--- WHAT TO DO ---
Exclude the pictures and repeat all of the data exactly.

--- DATASET CONTENT ---
Segment Open

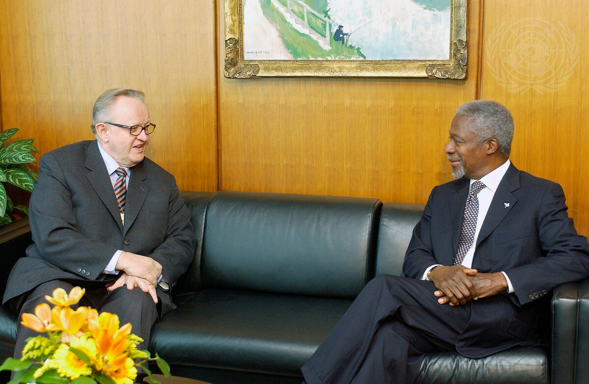 Secretary-General Kofi Annan (right) is pictured with Martti Ahtisaari, former President of Finland, who called on the Secretary-General, today at UN Headquarters.
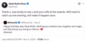 — Shah Rukh Khan (@iamsrk) November 4, 2025
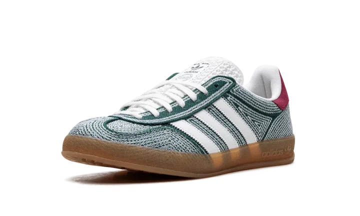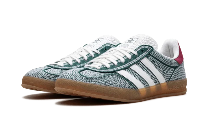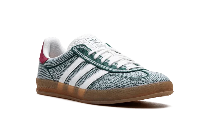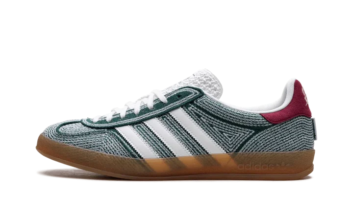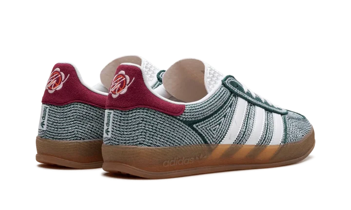 The Sean Wotherspoon x adidas Gazelle Indoor "Collegiate Green" is a collaboration by the sneaker designer and vintage clothing curator on the retro sneaker. Like Sean Wotherspoon's other collaborations with adidas, the Gazelle Indoor in "Collegiate Green" is made from vegan materials, specifically hemp. A "hemp" logo appears next to adidas's TreFoil logo on the hang tag on the lateral side. White Three Stripes are seen on both sides. The orange hemp heel tab features Wotherspoon's signature branding. Underfoot, a semi-translucent gum sole completes the look.

Segment Closed

--- SOLVED EXERCISE ---
 Secretary-General Kofi Annan (right) is pictured with Martti Ahtisaari, former President of Finland, who called on the Secretary-General, today at UN Headquarters.
 — Shah Rukh Khan (@iamsrk) November 4, 2025
 The Sean Wotherspoon x adidas Gazelle Indoor "Collegiate Green" is a collaboration by the sneaker designer and vintage clothing curator on the retro sneaker. Like Sean Wotherspoon's other collaborations with adidas, the Gazelle Indoor in "Collegiate Green" is made from vegan materials, specifically hemp. A "hemp" logo appears next to adidas's TreFoil logo on the hang tag on the lateral side. White Three Stripes are seen on both sides. The orange hemp heel tab features Wotherspoon's signature branding. Underfoot, a semi-translucent gum sole completes the look.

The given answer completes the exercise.